/Movies-ETL

The Movies Extract-Transform-Load (ETL) Analysis repo contains movie data extracted from Wikipedia and Kaggle in CSV and JSON file formats. The datasets were transformed by cleaning and merging the datasets, and the cleaned datasets were loaded into a movie_data SQL database. Regex was used to identify strings of characters defined by search patterns playing a critical role in cleaning the box office, budget, release date, and running time data. Lambda functions were used in the transform phase as "anonymous functions."
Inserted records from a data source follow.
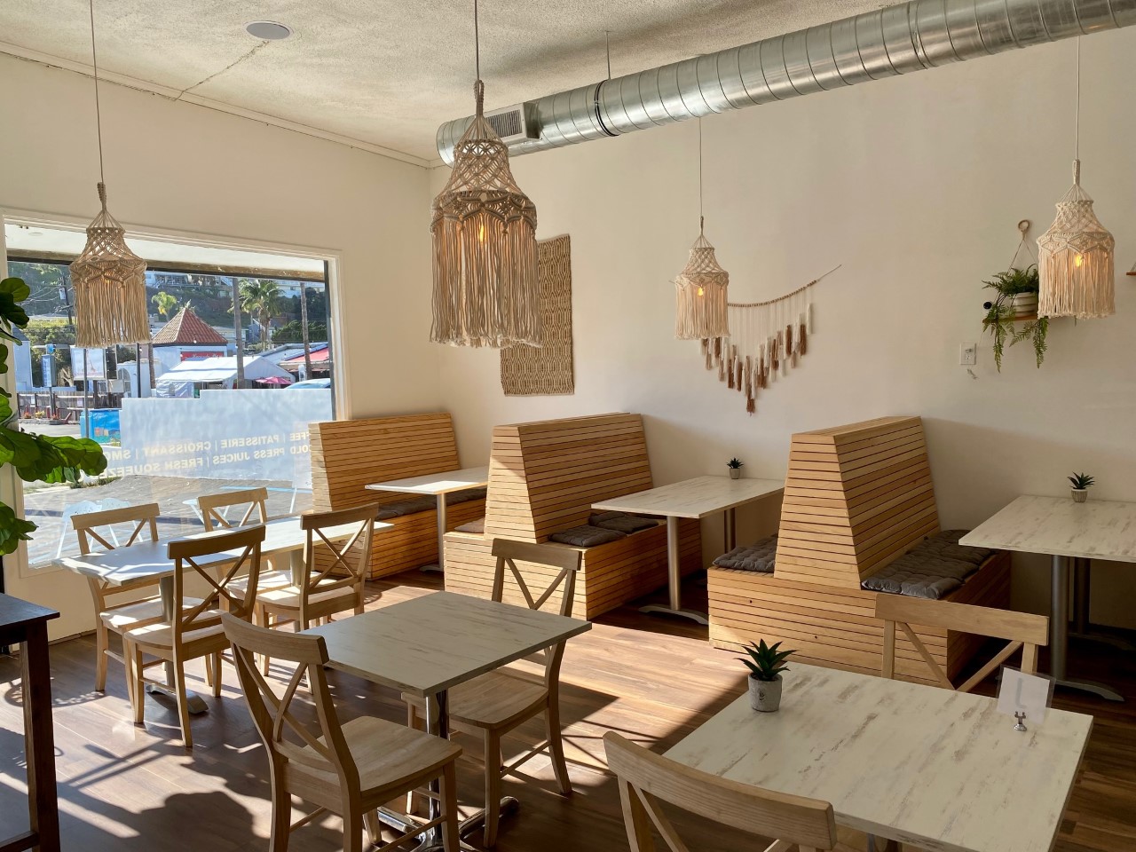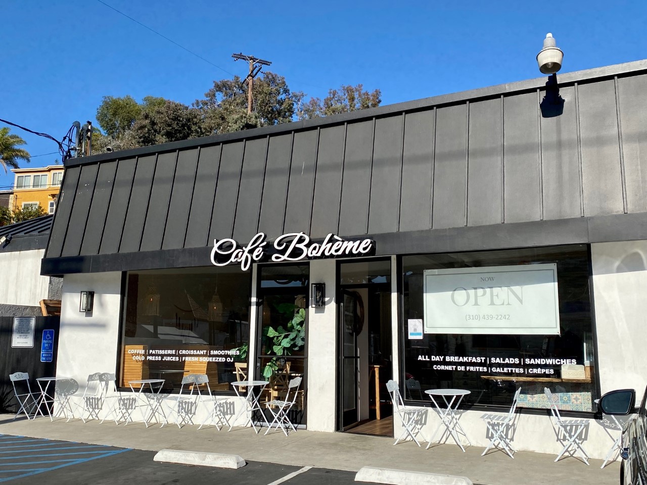 I heard from a reader (Thanks C.P.!) who asked me to check out the new café that recently opened in Playa Del Rey. Café Bohème is a breezy French charmer that sits in an unlikely strip mall at 8248 Pershing Dr. (corner of Manchester). A full remodel of the space has turned it into an airy, bright, cozy dining room and counter with soft wood and macramé accessories. The current menu is tellement Francais and includes omelettes, quiche, tartines, croque monsieur, galettes, and crêpes sucrées . They also produce their own croissants and pastries. Right now they are only open for breakfast and lunch, but dinner plans are in the works. We wish them bonne chance.
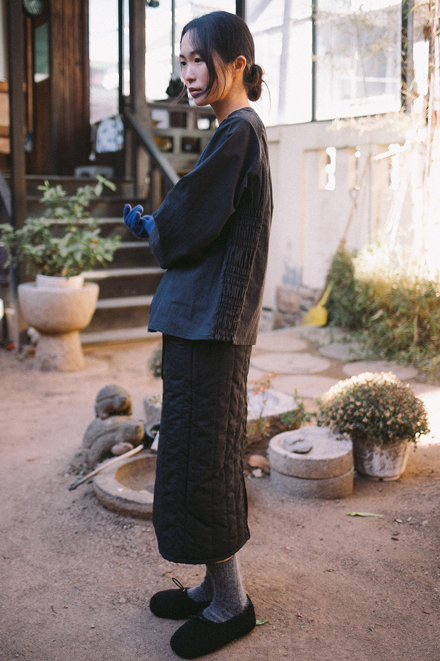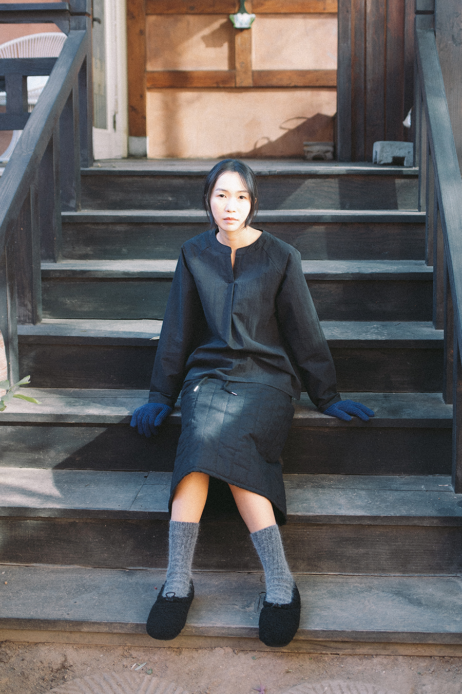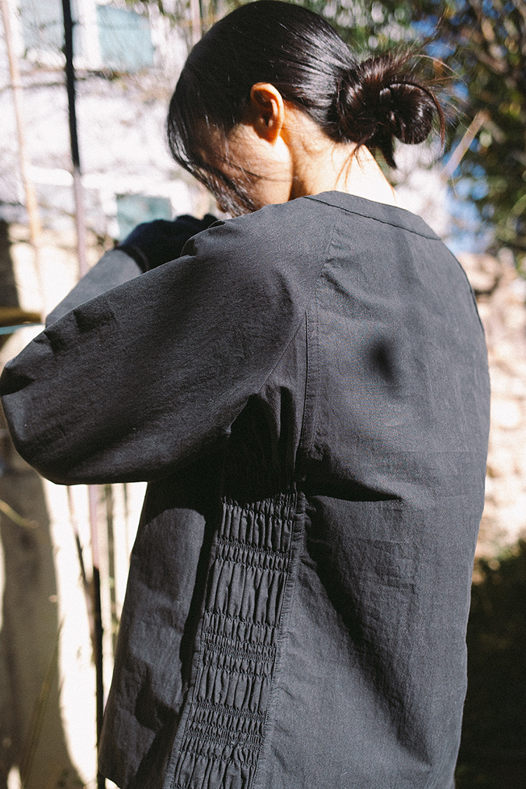 최초 이 표백한 면실크 원단을 블랙으로 염색하여 함께 출시하려고 했으나, 작업에 2-3개월이 걸리는 잿물 표백 원단의 희소성 때문에 블랙 컬러는 다른 소재로 만들게 되었습니다.
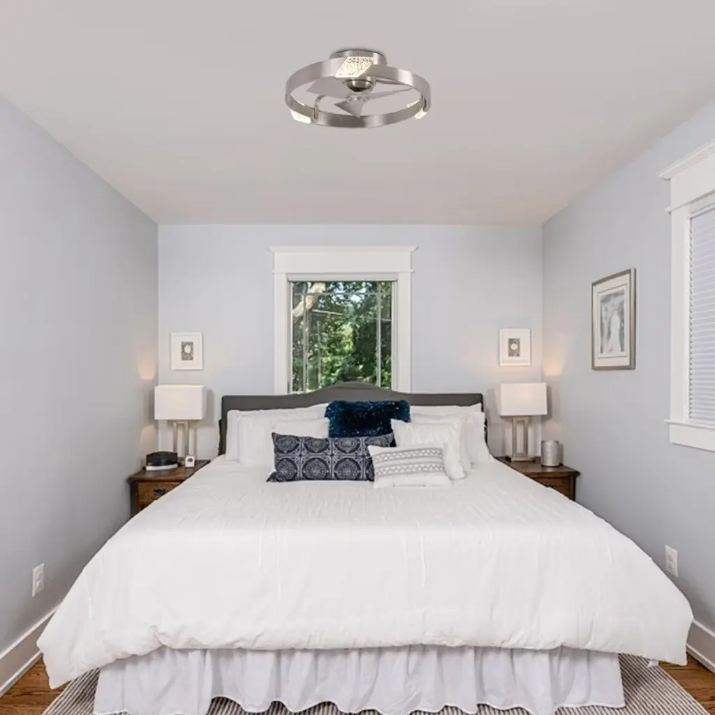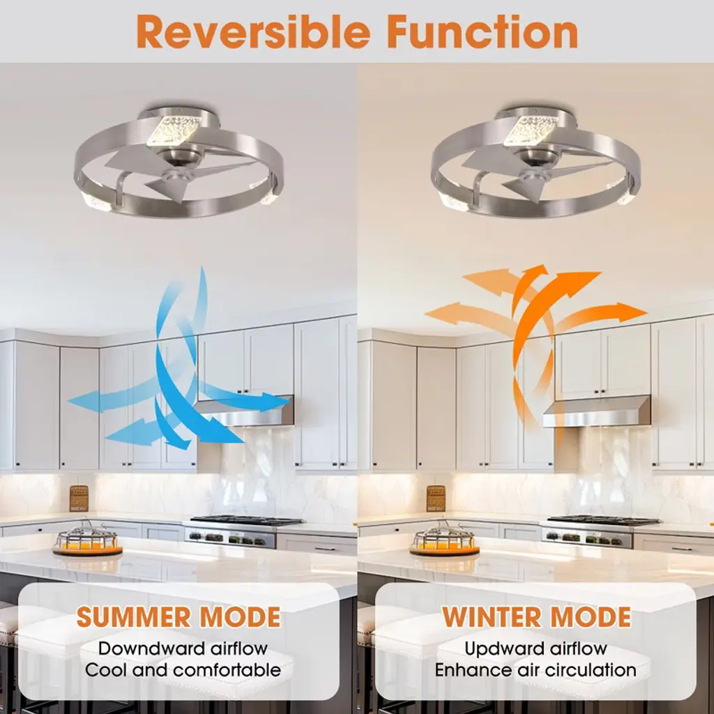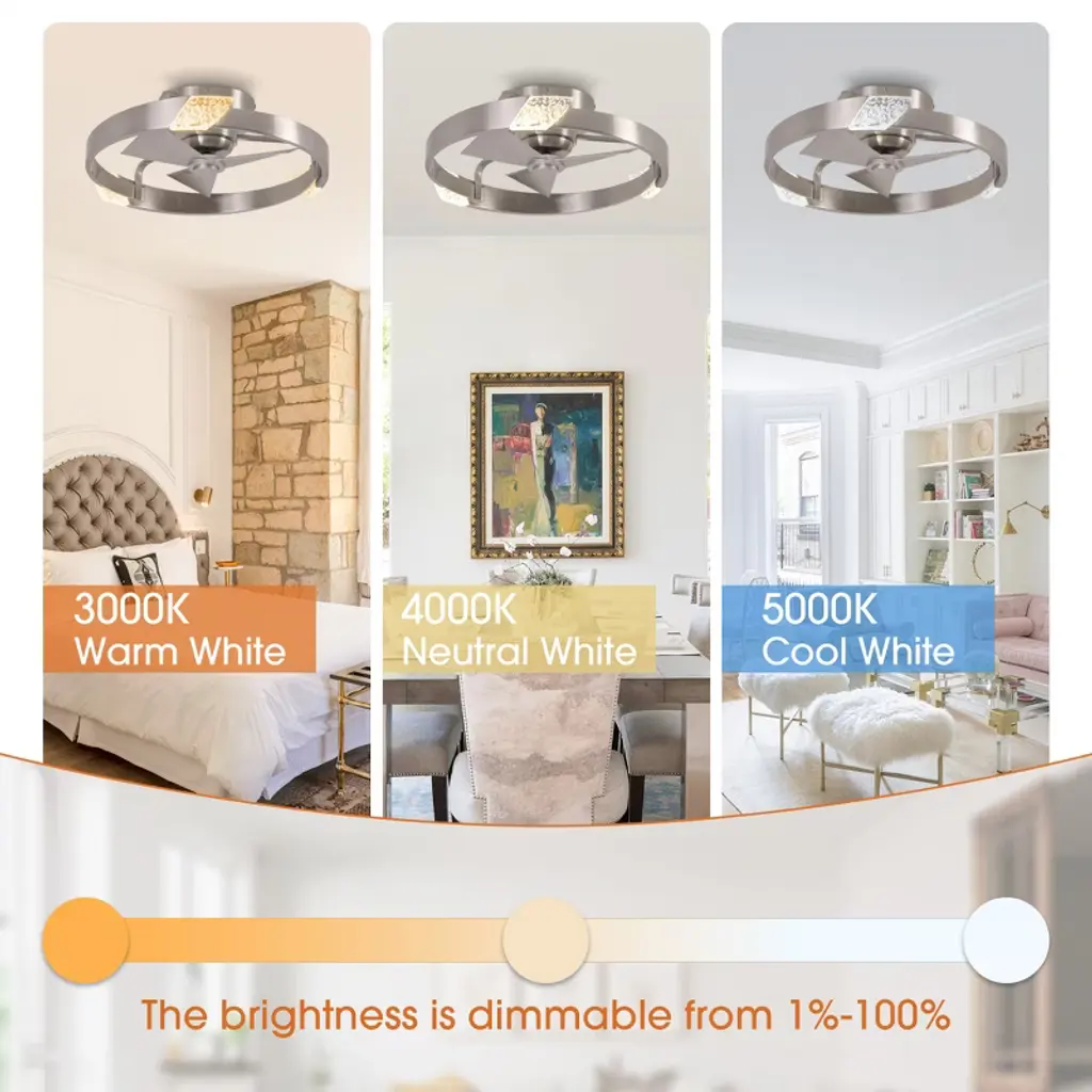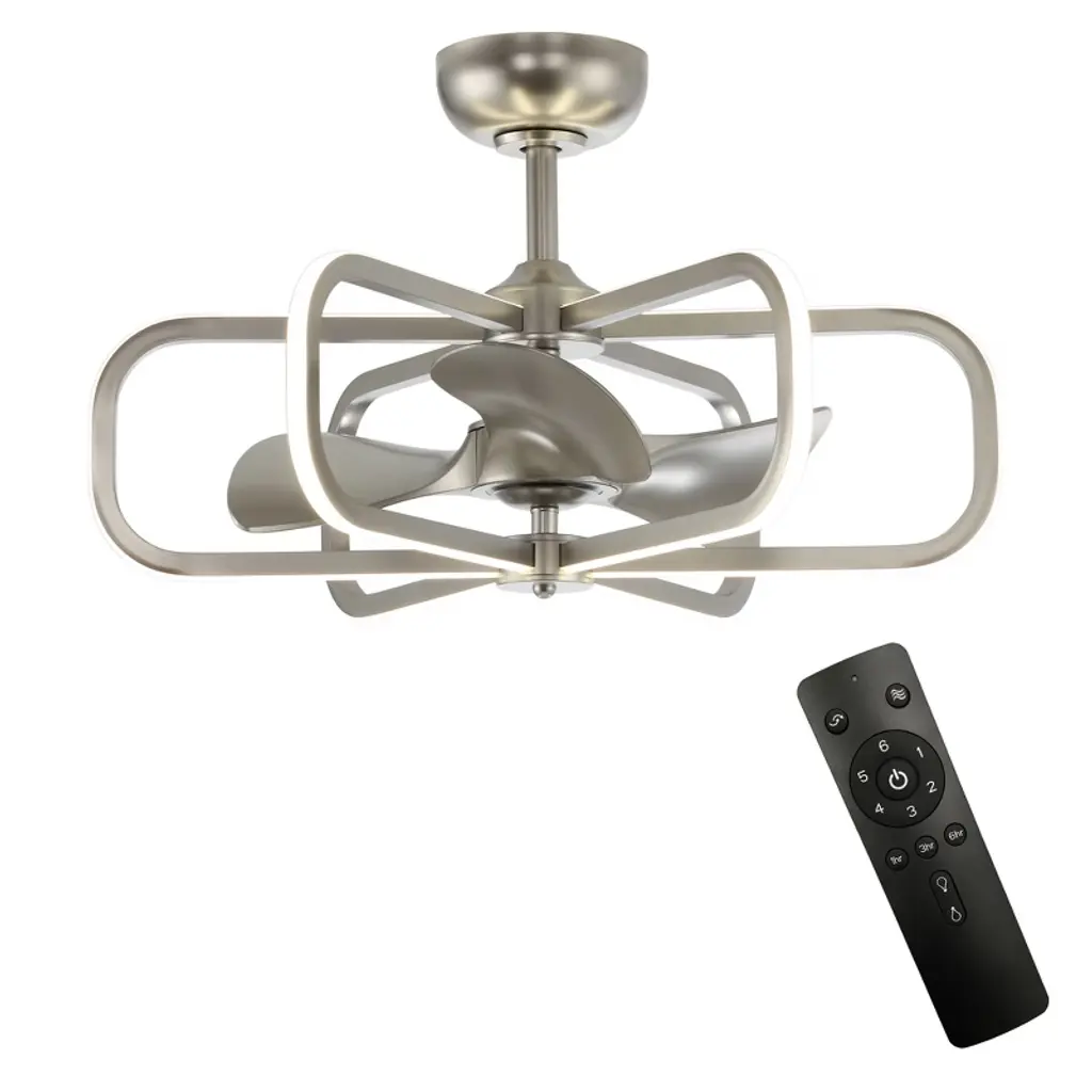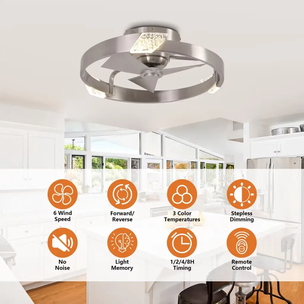 This 20-inch Bladeless Ceiling Fan features a ceiling-mounted design with three integrated fan blades for easy installation and space saving. The surface of the Cage Ceiling Fans is embedded with an integrated LED light source that supports three color temperature adjustments to meet the needs of different scenarios, and comes with a remote control for easy operation. The simple and modern appearance is suitable for small rooms, taking into account the functions of lighting and ventilation, and is highly practical.

Primary LanguageJupyter Notebook

Movies Extract-Transform-Load Analysis

Overview of the Movies Extract-Transform-Load Analysis

Purpose

The purpose of Module Eight and the Movies Extract-Transform-Load (ETL) Analysis is to learn how to use the Extract-Transform-Load, also known as ETL, process to create data pipelines. Using the ETL process, movie data was extracted from Wikipedia and Kaggle in CSV and json files, then the datasets were transformed by cleaning and merging the datasets, and finally the cleaned datasets were loaded into a movie_data SQL database. During the transform step in this module, Regular Expressions, also known as Regex, were used to identify strings of characters defined by search patterns playing a critical role in cleaning the box office, budget, release date, and running time data. Lambda functions were also introduced in this module and were used in the transform phase as "anonymous functions."